メダカ胚にマイクロインジェクションを行う。


受講生の感想

  •  実験動物といえば、マウスやショウジョウバエ等が便利なのかなと思っていましたが、メダカの優れている点を聞き、メダカもこれらの有名な実験動物に匹敵するほど優れているのだなと感じました。マイクロインジェクションでフェノールレッドを卵に入れる作業は難しかったです。蛍光タンパク質といえばGFPだと思っていたけれど、YFPやRFPもあるというのは初めて知りました。細胞小器官をそれぞれ異なる色を発するようにしておくことで、それぞれの動きや、重ね合わせたときにどんな配置でこれらが並んでいるかなどが明確になるなと感じました。

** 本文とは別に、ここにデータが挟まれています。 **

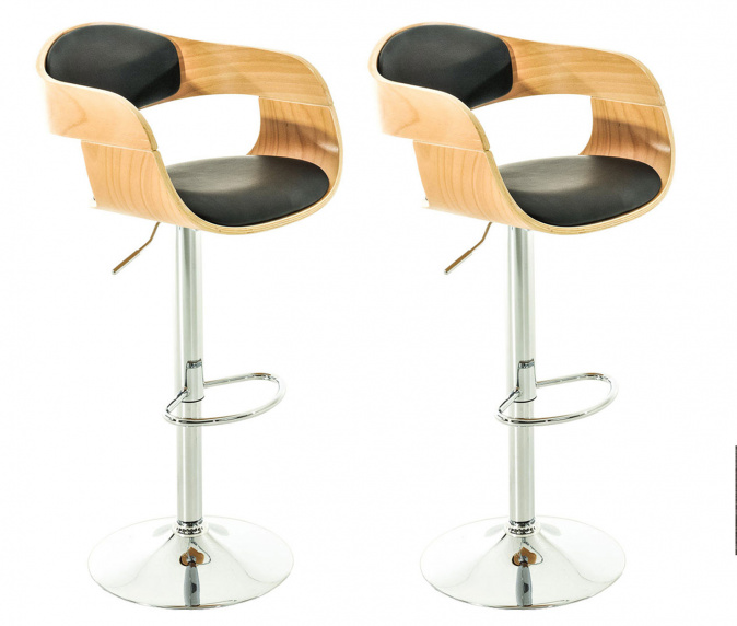 2 ks / set dřevěné barové židle Stona syntetická kůže, přírodní/černá

  •  培養細胞の蛍光観察では、赤、黄、青の3色にきれいに発光した細胞小器官に驚きました。小胞体、ゴルジ体、ミトコンドリアはそれぞれたくさんあったのですが、どれも重なり合わずに存在していて、タンパク質の違いや機能の違いを感じました。メダカの胚に赤い色素を入れる実験では、とても細い針を使っていたのですが、刺し加減が難しく、プクッっと色素がたまった時はとても感動しました。メダカの受精卵の観察では、心臓や脾臓、血管中を流れる血球を見ることができ、とてもおもしろかったです。魚の心臓が、一心房一心室ということを実際目で見たのは初めてだったので、少し驚きました。
  •  動物細胞の構造を改めて確認し、それぞれの細胞小器官を黄色、赤色、青色で光らせることでおおまかな特徴を知ることができた。これらを重ね合わせた画像により、これらの小器官の全体像をとらえることができ勉強になった。モデル動物として研究室で飼われているメダカは、餌としてエビの幼生が与えられていたことに驚いた。顕微鏡で卵を観察した際に見られたメダカの目の大きさや心臓の動き、血液の流れなどを確認できたことが印象に残っている。小さな生き物の生命力を感じられた。
  •  細胞観察では蛍光の仕組みがとてもよくわかりました。蛍光の種類によって見ることができる細胞小器官も異なっており、今まで絵でしか見たことがなかったようなゴルジ体が見られたときはとても感動しました。メダカの観察も行い、赤い色素を打ち込んだメダカと打っていないメダカで光り方がかなり異なっており、驚きました。実際に卵に色素を打ちこむ作業も行ったが、とても楽しかった。私にはどこが卵の胚なのかわかりませんでしたが、チューターの方に転がしていただいて、胚の場所を知ることができました。
  •  蛍光タンパク質が存在する細胞を顕微鏡で観察した。タンパク質の種類ごとに発光する細胞小器官が異なっており、それらを重ね合わせた顕微鏡画像を見ると小器官の違いがよくわかり、とても興味深かった。またメダカの卵に色素を打ち込む実験がとても楽しかった。今日はたくさんの施設を見学させていただき、説明もしていただいたのですが、実験をするには下準備や同じことを何度もしなければならないことを知り、大変さが伝わってきた。
  •  蛍光タンパク質を用いて、小胞体、ミトコンドリア、ゴルジ体を別の色で見ることで、細胞の中の構造が詳しく見えて面白かった。実験室の器具も高校のものより一回りも二回りも大きくて凄かった。遺伝子操作したメダカが赤色や青色に光ることに驚いた。メダカの卵を顕微鏡で観察すると血液が流れている様子や心臓の動きが見れて、生きているということが実感できた。蛍光タンパク質も光る仕組みも理解できた。
  •  蛍光タンパク質を導入しメダカを蛍光観察する際、メダカの卵が自家蛍光を持つということを初めて知り、きちんとした知識がなければ実験しても正しい結果を知ることが出来ないと言うことが分かった。細胞の蛍光観察では、小胞体やミトコンドリアの様子が教科書で見るよりも理解しやすかった。
    導入した遺伝子を発現させる時、タンパク質をコードした部分だけでなくプロモーター配列の有無も考えなければならないと聞いて確かにそうだと思い、実験をするためにはいろいろなことを考えなければならないと思った。
  •  メダカの卵を実際に見たのは初めてだった。顕微鏡で観察すると、中にある血管の動きや心臓の動きまで見ることが出来、感動した。
    共焦点顕微鏡で細胞小器官の様子を観察した。小胞体の網目構造をこの目で確かめることが出来てよかった。